13. Therefore, we are not prepared to accept the theory of the prosecution that the appellant was arrested on 14.12.2004 and on his confession, M.O1, Aruval was recovered. Because we disbelieve the said theory of the prosecution, we cannot throw out the case of prosecution as false.

14. The learned counsel would also add that the injury on the accused has not been explained. A perusal of Ex.P.4 would show that the said injury was sustained by him on 14.12.2004 at 7.45 a.m, according to his statement. When it is the evidence of P.Ws 3 and 4 that the appellant was taken into custody by the police on 13.04.2004 itself, the case of the prosecution that he sustained injuries on 14.12.2004 at about 7.45 a.m., cannot be accepted. However, considering the fact that the injuries are very minor in nature, such as an abrasion on the left side of vertex and a contusion on the right ankle of mandibles, we are of the opinion that the non-explanation of the said injuries by the prosecution, is not a serious flaw in the case of the prosecution, so as to discard the evidence of P.W1, the injured eye witness, which draws corroboration from the evidences of P.W.3 and 4.

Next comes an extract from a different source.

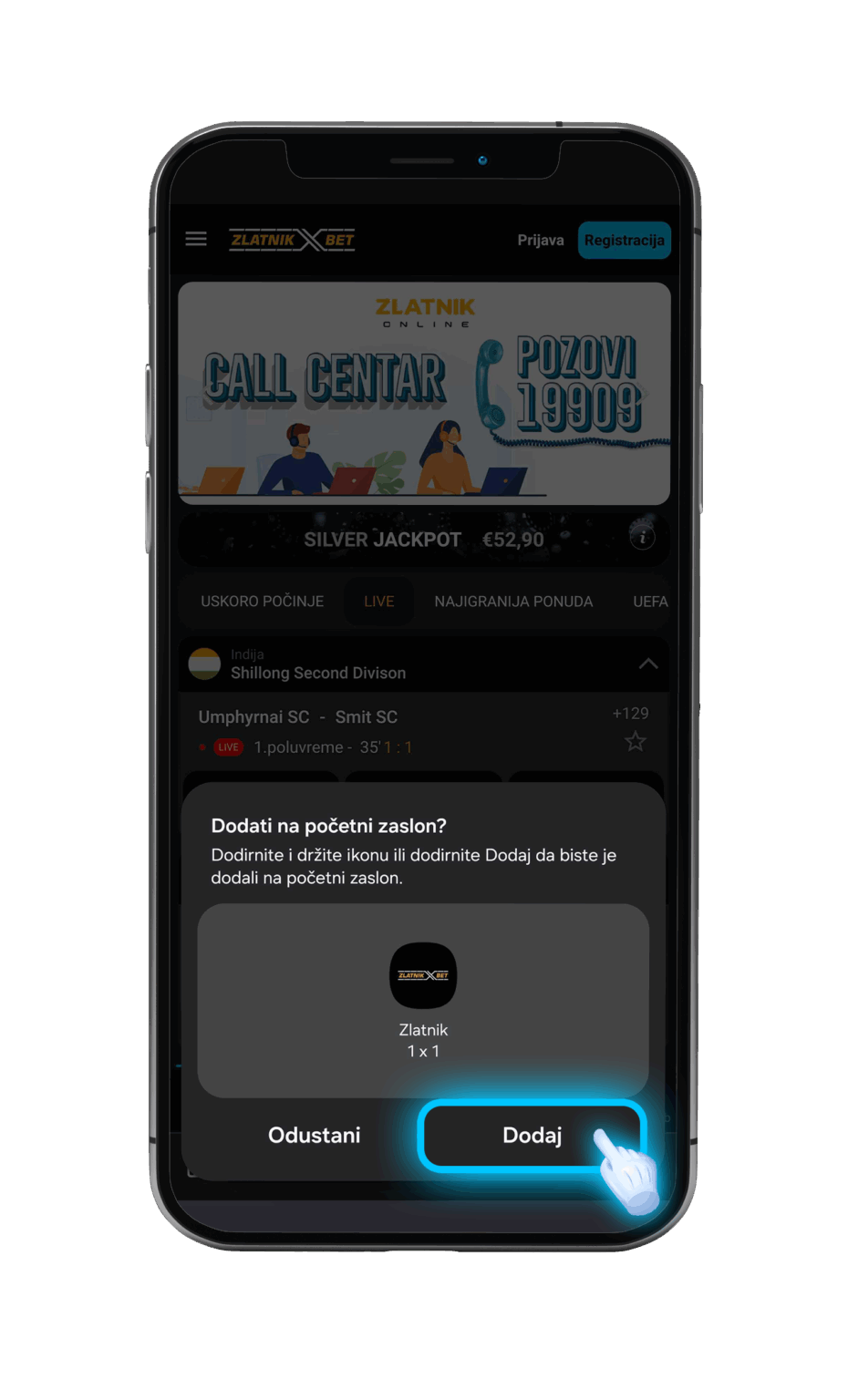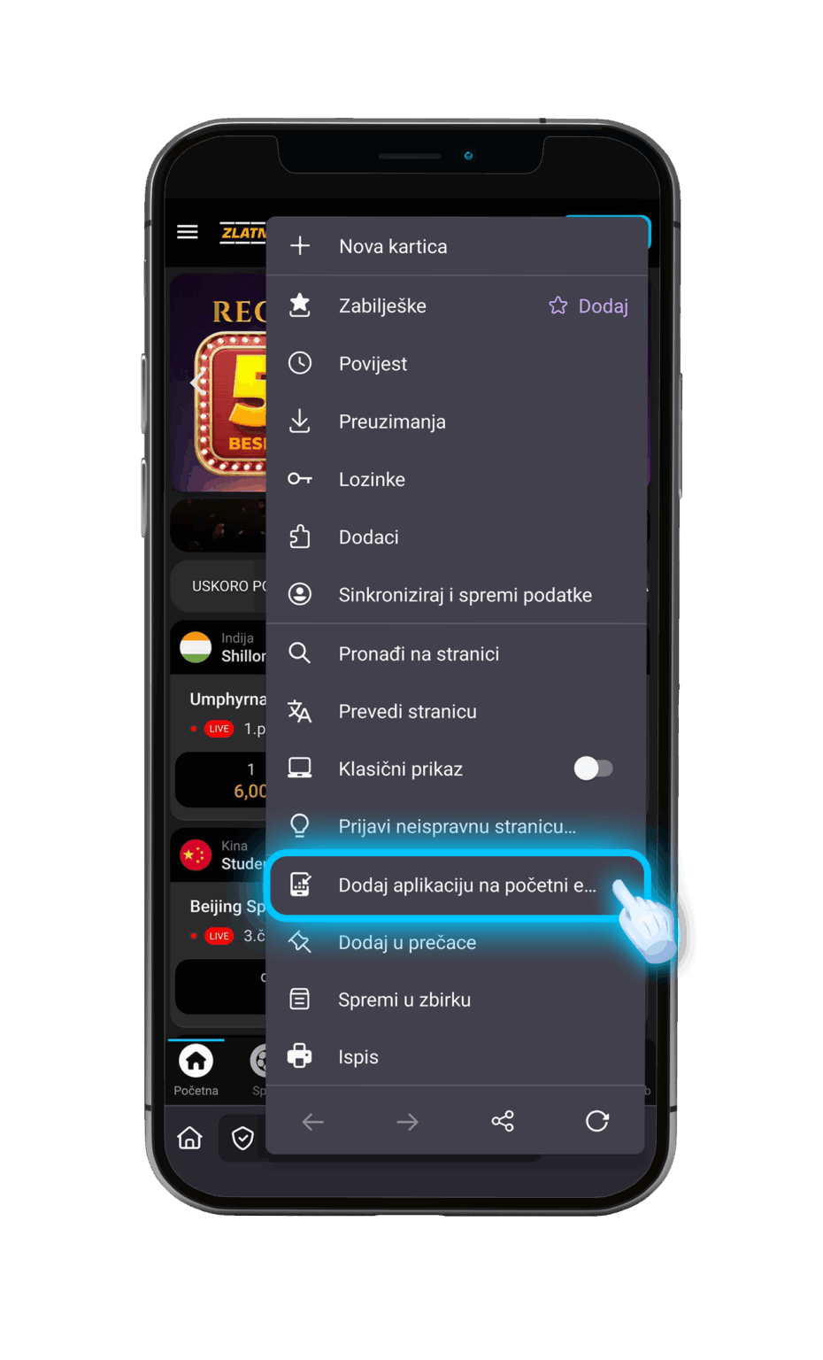KORAK 1 Kliknite na ikonicu koju vidite na slici iznad. KORAK 2Zatim kliknete "Dodaj aplikaciju na početni ekran". KORAK 3Nakon što vam iskoči ovaj pop-up potvrdite na tipku "Dodaj".
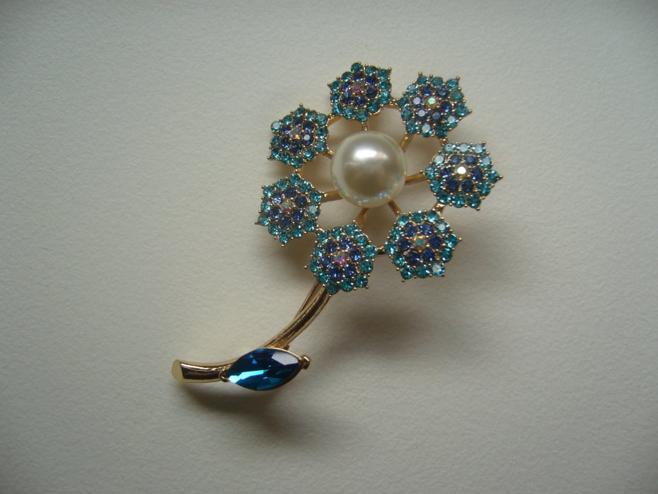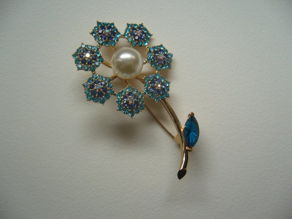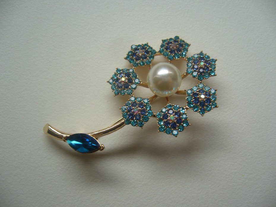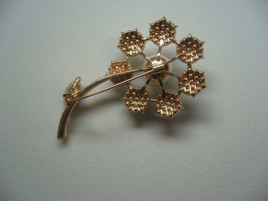 PIĘKNA POZŁACANA BROSZKA KWIATEK ZDOBIONA PEREŁKĄ I KRYSZTAŁKAMI

15. For all the reasons stated above, we are in conformity with the findings of the lower Court that the appellant and the appellant alone, has killed the deceased and has made an attempt on the life of P.W.1. The lower Court has rightly convicted the appellant under Sections 302 and 307 I.P.C and has imposed proper punishment, which does not require any interference at all.

16. In the result, the appeal fails and the same is dismissed. The conviction and sentence imposed by the lower court is confirmed.

pal To

1. The Principal Dist. & Sessions Judge, Ramnad.

2. The Inspector of Police Nainar Kovil Police Station Ramnad District

3. The Public Prosecutor, Madurai Bench of Madras High Court,Madurai.